Here Magazine‘s Editorial Director Ally Betker reflects on Issue 6, from the virtues of a more accessible national parks system to the wisdom of cover star Phoebe Robinson. Purchase your copy here or at any Away retail location.
Growing up in the Midwest, I often traveled with my family to the national parks around the U.S. As a young child, I became a Junior Ranger at Rocky Mountain National Park by picking up 10 pieces of litter, telling other visitors why feeding wildlife is harmful, and completing an activity book with word games and drawings. Over the years, we drove west to Mesa Verde National Park in a rented minivan, my sister and me watching taped episodes of our favorite Disney Channel shows on a miniature TV wedged between the two front seats. We drove east to Great Smoky Mountains National Park in North Carolina and northeast to Acadia National Park in Maine. My parents felt these places were accessible—affordable, reachable via car, welcoming of their family of four.
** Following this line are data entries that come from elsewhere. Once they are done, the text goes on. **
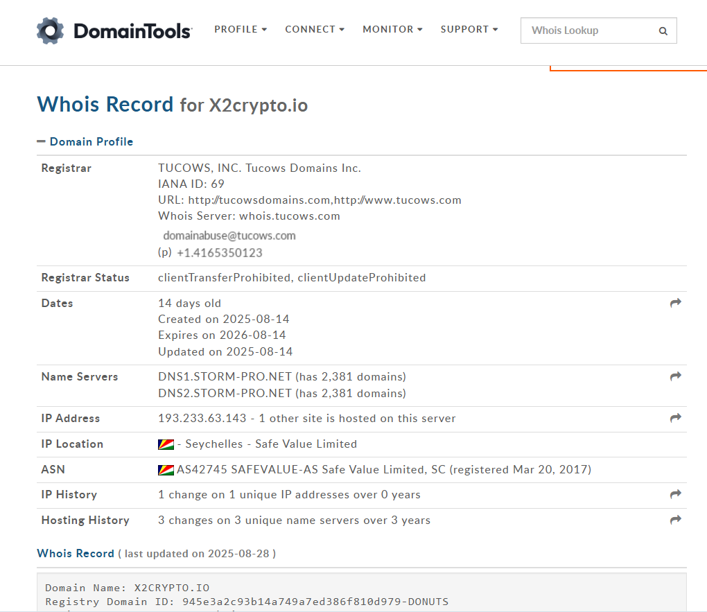 Домен свежий, владелец скрыт, инфраструктура анонимна и расположена в юрисдикции, где активности регуляторов и прозрачность минимальны.
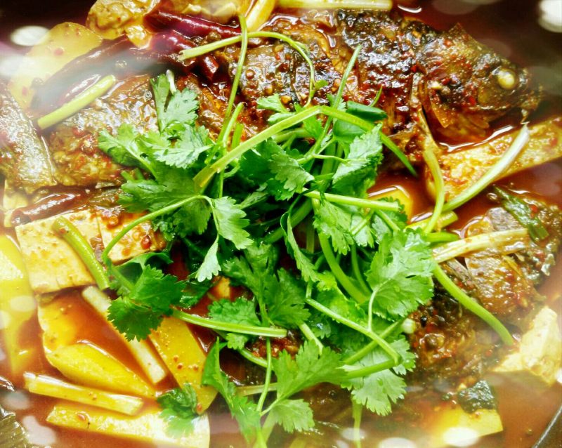 9:鲫鱼放锅中中火煎到两面金黄后,加清水煮开后放入香菜(清水要淹过鱼)
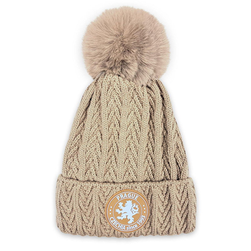 Elegantní a hřejivý kulich v jemné béžové barvě s výrazným vzorem pletení a velkou huňatou bambulí.
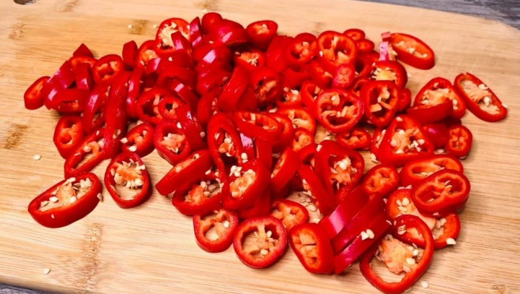 - Нарізаємо наш перець кільцями.
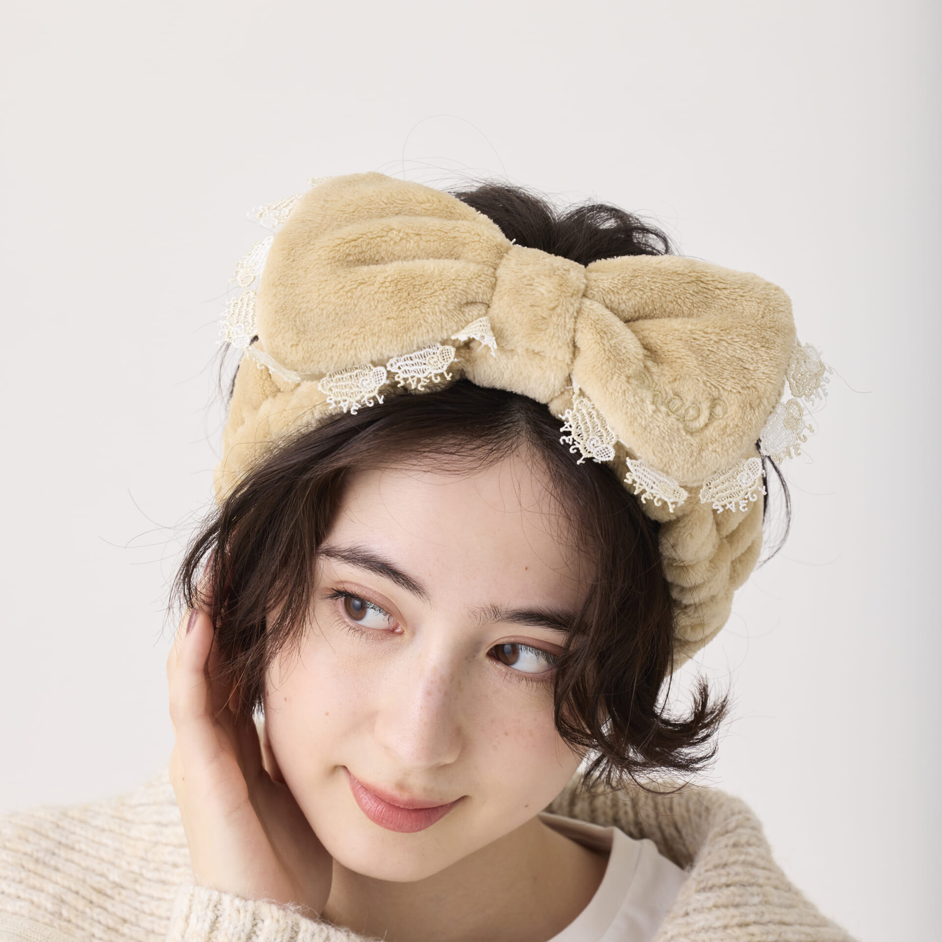 ふわもこ小物/リボンヘアバンド(ベージュ)

During middle school, my enthusiasm waned; when we flew to Hawaii to spend time at Volcanoes National Park, I vividly remember refusing to get out of the car as we made stops along the Chain of Craters Road. (They were just big holes in the ground, after all.) Then, the summer after my freshman year of college, I proposed hiking the Grand Canyon as a family, the idea of outdoor adventuring suddenly appealing after nine months of snow and study at Boston University.
These days, spending time outside—whether at a national park, in Long Island or Upstate New York on a weekend escape, or even at one of the many green spaces in Brooklyn, where I live—is something I crave deeply. It refuels me and fills me up with light and air where Slack messages and Instagram feeds once took up space.
But, for any number of reasons, not everyone grew up with the privilege of parents who prioritized the outdoors; for every person who finds solace in nature, there are just as many who feel that, as vast as the National Park System is, there isn’t space for them within the outdoor community.
We were fortunate enough to have a few of the people who want to change that contribute to this issue: author James Edward Mills, who wrote about the first all-African American summit attempt on Denali in his book, The Adventure Gap; Danielle Williams, who created a community called Melanin Base Camp; Len Necefer, founder of Natives Outdoors; and Summer, founder of Fat Girls Hiking. It’s an encouraging look at the leaders working to effect positive change in this space.
Another person changing her space? Cover star and comedian Phoebe Robinson, who offers a refreshing take on what it means to “make it” in New York City—crummy apartments, credit card debt, and a truly formidable amount of hard work included. Her new book, Everything’s Trash, But It’s Okay, reads like a manual for anyone who feels like their journey to success looks different than everyone else’s.
Not everyone navigates the world the same way, after all, which we further chronicle in these pages, with a first-person essay about how food tells a deeper story of identity, a color-study of New Orleans, a look at the power of therapy in Buenos Aires. See below for more of our Issue 6 features—I hope there’s something here that you personally relate to. In Here Magazine’s world, there’s space for everyone.